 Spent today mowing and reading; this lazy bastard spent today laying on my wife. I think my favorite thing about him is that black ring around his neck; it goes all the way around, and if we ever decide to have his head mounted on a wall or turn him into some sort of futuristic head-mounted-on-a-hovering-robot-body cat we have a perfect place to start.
○ ○ ○ ○ ○ ○ ○
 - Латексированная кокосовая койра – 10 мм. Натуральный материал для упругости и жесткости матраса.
○ ○ ○ ○ ○ ○ ○
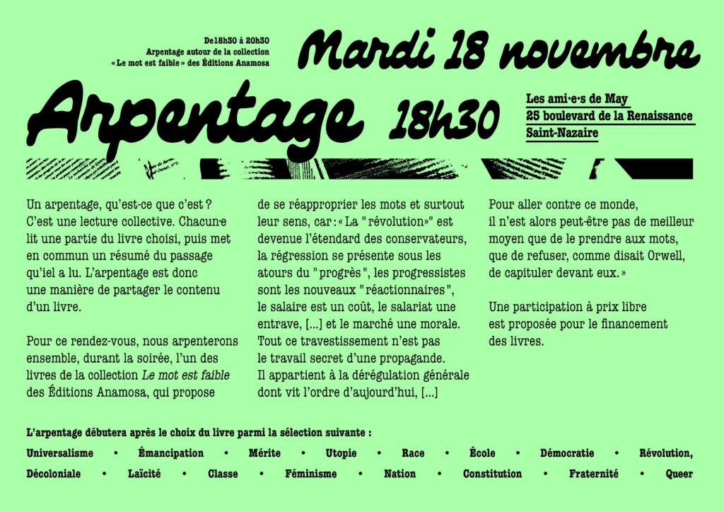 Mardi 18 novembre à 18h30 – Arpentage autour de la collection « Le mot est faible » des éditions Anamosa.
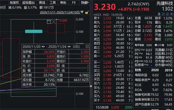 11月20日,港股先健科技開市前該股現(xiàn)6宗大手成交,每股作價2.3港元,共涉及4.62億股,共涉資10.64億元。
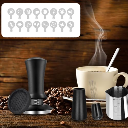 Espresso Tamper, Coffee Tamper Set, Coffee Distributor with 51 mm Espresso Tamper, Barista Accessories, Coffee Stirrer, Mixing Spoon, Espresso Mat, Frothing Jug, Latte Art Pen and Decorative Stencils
○ ○ ○ ○ ○ ○ ○
**DIRECTIONS**
Where a picture appears in the records above, omit it, and transcribe exactly the stretch of lines from the one with "Mardi 18 novembre" through the one with "Espresso Tamper, Coffee".

**RESULT OF THE EXERCISE**
 Mardi 18 novembre à 18h30 – Arpentage autour de la collection « Le mot est faible » des éditions Anamosa.
 11月20日,港股先健科技開市前該股現(xiàn)6宗大手成交,每股作價2.3港元,共涉及4.62億股,共涉資10.64億元。
 Espresso Tamper, Coffee Tamper Set, Coffee Distributor with 51 mm Espresso Tamper, Barista Accessories, Coffee Stirrer, Mixing Spoon, Espresso Mat, Frothing Jug, Latte Art Pen and Decorative Stencils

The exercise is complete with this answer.